By Jeff Mullin, Commentary
Fortunately we got to turn our clocks back last night, so we got an extra hour’s sleep last night.
Or not.
Oklahomans, it seems, are not good sleepers. A study by the Centers for Disease Control and Prevention found Oklahomans were in the bottom five when it came to states whose residents got the most sleep.
Oklahoma ranked fourth on the CDC’s snoozing scale, with 14.3 percent of residents reporting they had 30 nights of poor sleep in the last month.
West Virginia is the nation’s sleepiest state, with 19.3 percent of residents saying they didn’t get enough shut-eye. Hawaiians are the most well-rested Americans, with 35.6 percent of that state’s residents reporting they had no sleepless nights in the past month.
So why are Oklahomans so sleep-deprived? This study was conducted in 2008, so anxiety over Sam Bradford’s shoulder or Dez Bryant’s prevarication can’t be blamed.
The researchers didn’t ask why people weren’t getting enough sleep, so they don’t really know why some states are more sleep-starved than others. They did say health factors like obesity, smoking, heart disease and the proportion of adults with disabilities could be a factor.

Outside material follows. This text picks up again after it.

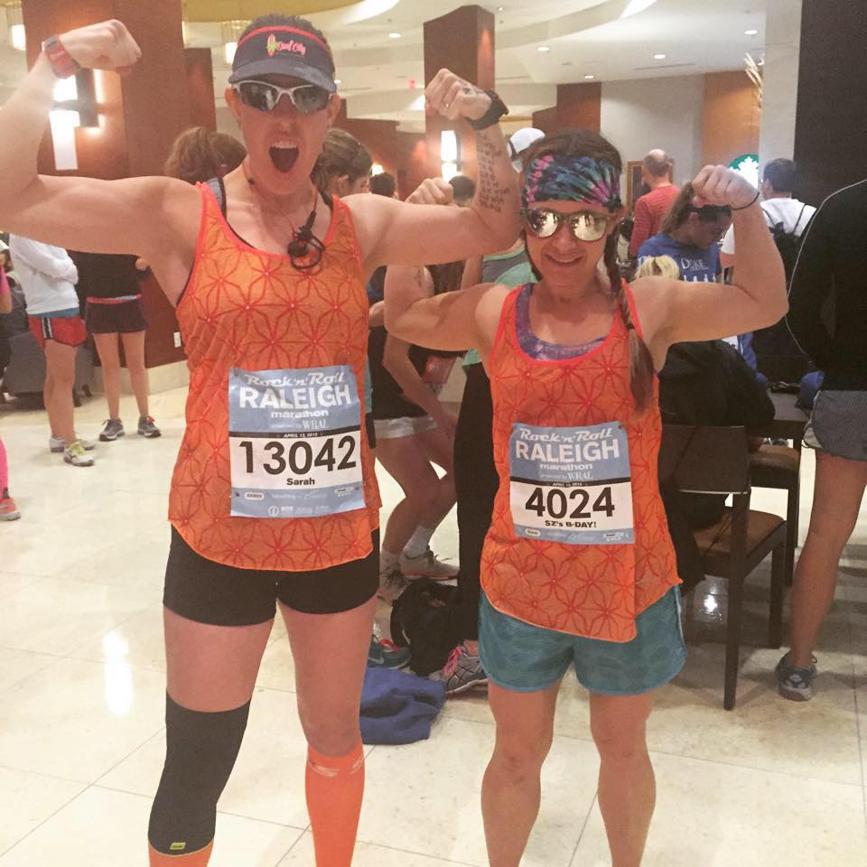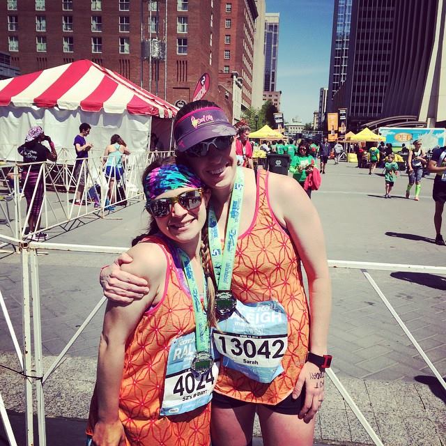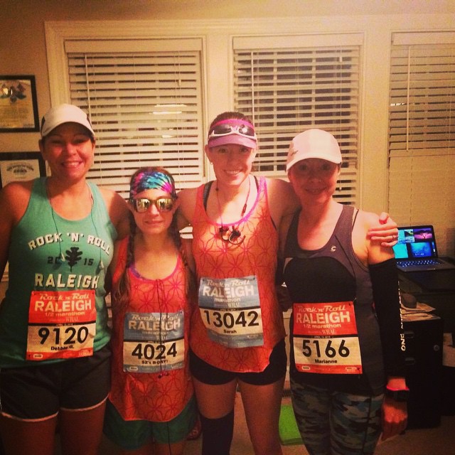 Many of you have been asking about the race – so here is the race recap! First off, the weather was perfect. Around 50* at the start of the race and 65* at the end. The sun was out and there was a breeze that felt amazing on some of the stretches. I had my girls in town to run the race from Seattle, Atlanta and Columbia (SC) and we were all ready to go. I’m normally a nervous wreck before a race. I will get in line at the port-a-potty, go, then immediately get back in the same line to continue the cycle multiple times over. My gut does not like nerves. However, because of proper training and nutrition and increased self-confidence, I had none of my previous life’s issues. I was just ready to get started! One of my worst training habits on the long runs was going out waaay to fast for the first 3 or so miles, so I made sure to be mindful to not do this in the race and mess up my last few, ornery miles. And I did perfectly on this! I was honestly feeling great and had the best support crew out there – my husband – who met me at predetermined miles to give me water, gel, almond butter or bars to keep me going. He has always rocked on support as he inline skates the race ahead of me to keep me as fresh as I can be. Raleigh is rather hilly, but our training took us on hills that were greater than the hills we experienced in the first half of the marathon. I had wonderful surprises of Chris and Juliet (another runner/biker friend who runs 100 mile races…) cheering me on at miles 7, 11 and 25.9 (I think those are correct…). What an uplift in spirits seeing familiar faces cheering you on! More on 25.9 later…

Diet, financial stress and working odd shifts could play a role, as well. There’s also a correlation between sleep and gender (women get less sleep than men), age (younger people sleep worse than those 65 and older), race (whites sleep better than blacks), education (those with some college sleep better than those without a high school diploma) and marital status (married folks sleep better than those who are divorced, widowed, separated or living together outside of marriage).
I have no problem sleeping. In fact, my struggle is to stay awake (at least I’ve trained myself not to snore while sleeping upright at my desk, ostensibly deep in thought while staring at my laptop).
I consider myself lucky of an evening if I stay awake long enough to catch the 10 p.m. news. My bride normally doesn’t make it that long.
The scene is a familiar one. We will settle in for a favorite television program, me in the recliner and she on the sofa. At some point I’ll hear gentle snoring coming from across the room. Generally she won’t awaken until after the show ends, at which point she immediately begins quizzing me about what happened. Being a trained journalist, I immediately launch into a detailed description of the show’s plot and any sub-plots. For example, “I don’t know. That one guy with the hair killed that other guy with the glasses, but hair guy got himself a good lawyer and got off, I think. What show were we watching?”
Sleep is good for your health. It makes you more alert, puts you in a better mood, helps lower blood pressure, produces valuable hormones and lowers the risk for heart disease. The old saying about getting your beauty sleep, however, is a myth. I get hours and hours of sleep every night, and look at me.
Letting your bride sleep when she is really, really tired also is good for her health, and yours, too. Such was the case the other morning when I got out of bed, pulled on a robe and tiptoed quietly out of our bedroom, gently closing the door behind me.
I was quietly eating my breakfast in the dining room when all of a sudden came a crash that sounded like something had fallen on the house, like a hippopotamus or something.
I rushed into the bedroom to find my frightened bride, sitting halfway up in bed making little whimpering noises, trying to blink away sleep.
It turns out our cats, with a combined weight of close to 40 pounds, charged headlong down the hallway and hit the closed door at full speed, opening it with a great crash and scaring my bride out of a couple of year’s growth.
To my credit I didn’t laugh, or at least not right away. After all, I don’t sleep well in the garage.